Within the records below, reproduce without change the lines from the line that has "OOPEAA建筑事务所凭借P" through the line that has "06-04-2026 DIARIO OFICIAL", and only those.
[Opening Data for this task section]
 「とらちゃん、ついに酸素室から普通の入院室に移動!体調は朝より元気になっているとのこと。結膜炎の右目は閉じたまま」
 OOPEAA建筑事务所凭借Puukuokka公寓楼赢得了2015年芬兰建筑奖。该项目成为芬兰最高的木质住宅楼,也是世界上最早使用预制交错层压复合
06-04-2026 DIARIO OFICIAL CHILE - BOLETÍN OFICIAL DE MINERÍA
[Closing Data for this task section]
[Opening Data for this task section]
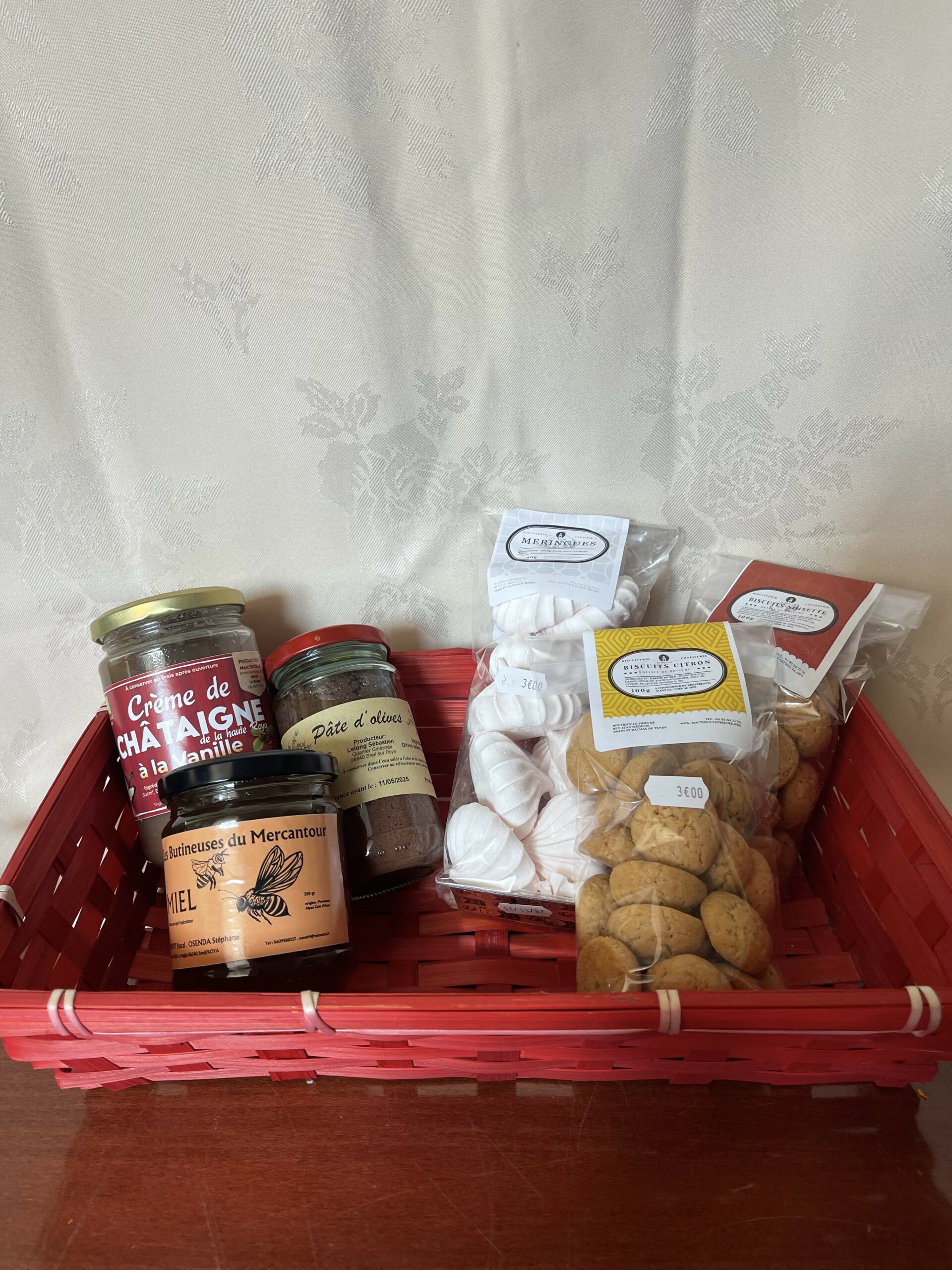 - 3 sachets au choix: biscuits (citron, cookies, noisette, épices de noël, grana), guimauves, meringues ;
[Closing Data for this task section]
• **Task answer**
 OOPEAA建筑事务所凭借Puukuokka公寓楼赢得了2015年芬兰建筑奖。该项目成为芬兰最高的木质住宅楼,也是世界上最早使用预制交错层压复合
06-04-2026 DIARIO OFICIAL CHILE - BOLETÍN OFICIAL DE MINERÍA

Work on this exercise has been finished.